══ THE INPUT ══

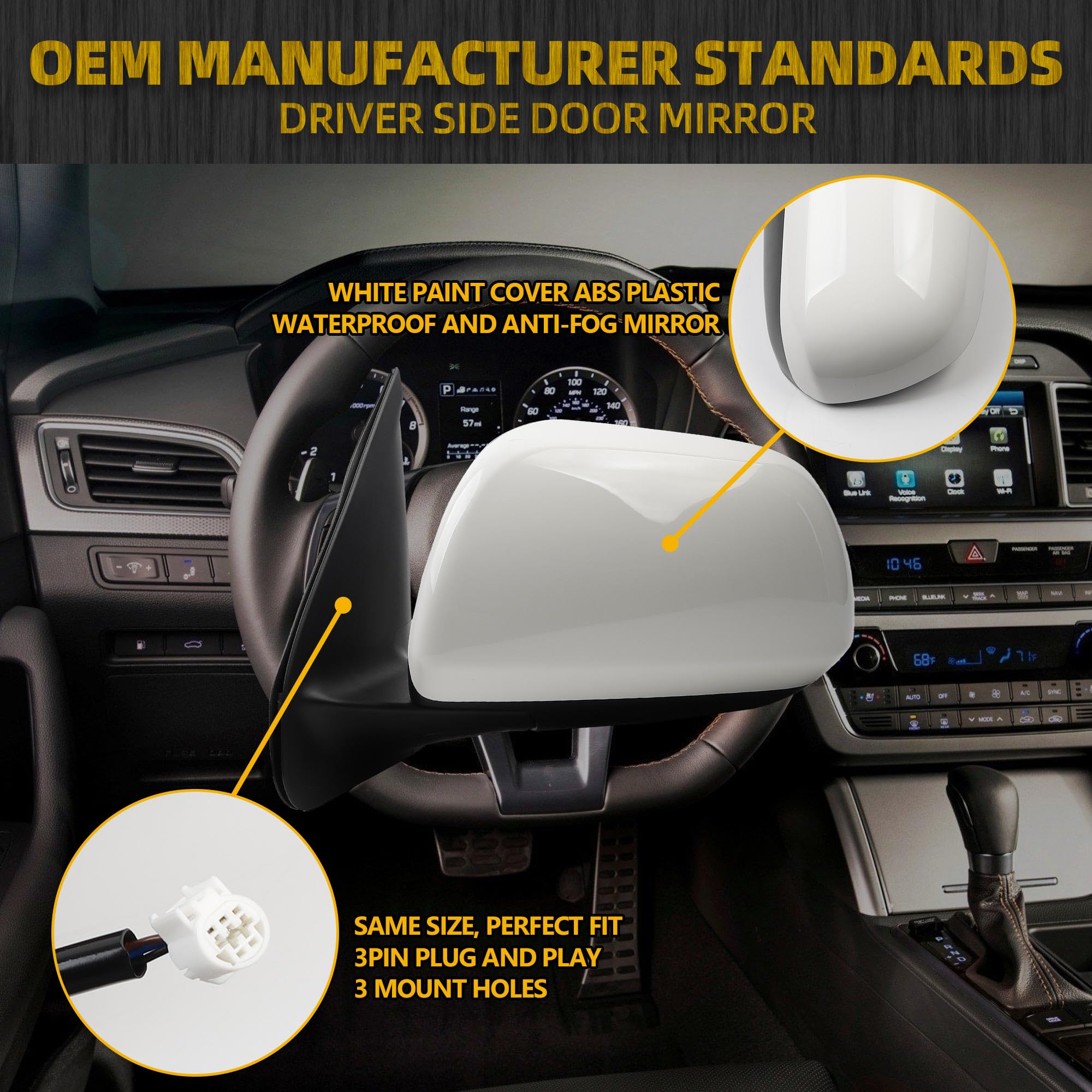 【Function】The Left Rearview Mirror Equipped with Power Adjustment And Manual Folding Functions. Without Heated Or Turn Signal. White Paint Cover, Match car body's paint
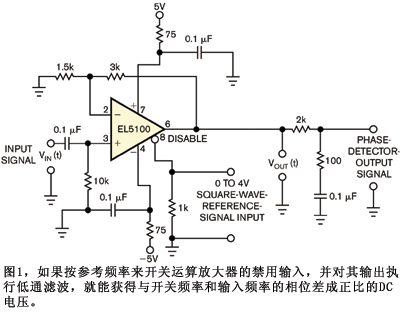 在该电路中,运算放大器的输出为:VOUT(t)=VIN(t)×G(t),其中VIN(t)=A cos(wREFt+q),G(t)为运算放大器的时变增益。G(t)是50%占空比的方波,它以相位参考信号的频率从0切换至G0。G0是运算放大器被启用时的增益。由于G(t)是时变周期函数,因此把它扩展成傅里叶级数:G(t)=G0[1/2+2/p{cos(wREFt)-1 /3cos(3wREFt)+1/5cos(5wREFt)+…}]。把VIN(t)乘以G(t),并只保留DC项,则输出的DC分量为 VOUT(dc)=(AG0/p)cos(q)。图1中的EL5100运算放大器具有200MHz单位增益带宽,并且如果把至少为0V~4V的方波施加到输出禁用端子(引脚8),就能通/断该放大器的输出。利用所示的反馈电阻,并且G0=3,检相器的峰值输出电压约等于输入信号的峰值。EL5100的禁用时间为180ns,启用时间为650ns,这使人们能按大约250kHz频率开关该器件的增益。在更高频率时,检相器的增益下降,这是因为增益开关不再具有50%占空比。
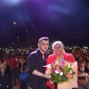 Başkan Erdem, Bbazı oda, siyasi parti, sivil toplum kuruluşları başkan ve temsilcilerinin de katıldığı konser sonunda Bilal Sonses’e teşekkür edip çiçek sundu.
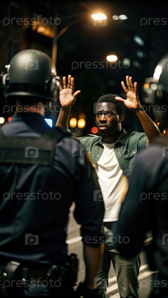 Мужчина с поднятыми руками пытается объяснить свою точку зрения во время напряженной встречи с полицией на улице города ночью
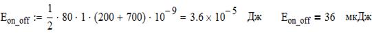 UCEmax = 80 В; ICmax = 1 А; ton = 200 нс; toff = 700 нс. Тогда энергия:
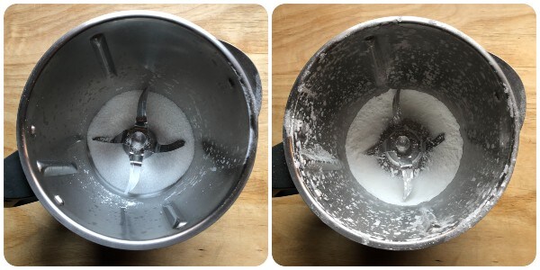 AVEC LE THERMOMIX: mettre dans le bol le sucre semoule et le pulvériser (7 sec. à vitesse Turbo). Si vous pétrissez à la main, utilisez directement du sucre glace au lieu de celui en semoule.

═══

• PROBLEM REQUIREMENTS:
The listing above must be repeated exactly. Its pictures are not part of the copy.

• FINISHED TASK:
 【Function】The Left Rearview Mirror Equipped with Power Adjustment And Manual Folding Functions. Without Heated Or Turn Signal. White Paint Cover, Match car body's paint
 在该电路中,运算放大器的输出为:VOUT(t)=VIN(t)×G(t),其中VIN(t)=A cos(wREFt+q),G(t)为运算放大器的时变增益。G(t)是50%占空比的方波,它以相位参考信号的频率从0切换至G0。G0是运算放大器被启用时的增益。由于G(t)是时变周期函数,因此把它扩展成傅里叶级数:G(t)=G0[1/2+2/p{cos(wREFt)-1 /3cos(3wREFt)+1/5cos(5wREFt)+…}]。把VIN(t)乘以G(t),并只保留DC项,则输出的DC分量为 VOUT(dc)=(AG0/p)cos(q)。图1中的EL5100运算放大器具有200MHz单位增益带宽,并且如果把至少为0V~4V的方波施加到输出禁用端子(引脚8),就能通/断该放大器的输出。利用所示的反馈电阻,并且G0=3,检相器的峰值输出电压约等于输入信号的峰值。EL5100的禁用时间为180ns,启用时间为650ns,这使人们能按大约250kHz频率开关该器件的增益。在更高频率时,检相器的增益下降,这是因为增益开关不再具有50%占空比。
 Başkan Erdem, Bbazı oda, siyasi parti, sivil toplum kuruluşları başkan ve temsilcilerinin de katıldığı konser sonunda Bilal Sonses’e teşekkür edip çiçek sundu.
 Мужчина с поднятыми руками пытается объяснить свою точку зрения во время напряженной встречи с полицией на улице города ночью
 UCEmax = 80 В; ICmax = 1 А; ton = 200 нс; toff = 700 нс. Тогда энергия:
 AVEC LE THERMOMIX: mettre dans le bol le sucre semoule et le pulvériser (7 sec. à vitesse Turbo). Si vous pétrissez à la main, utilisez directement du sucre glace au lieu de celui en semoule.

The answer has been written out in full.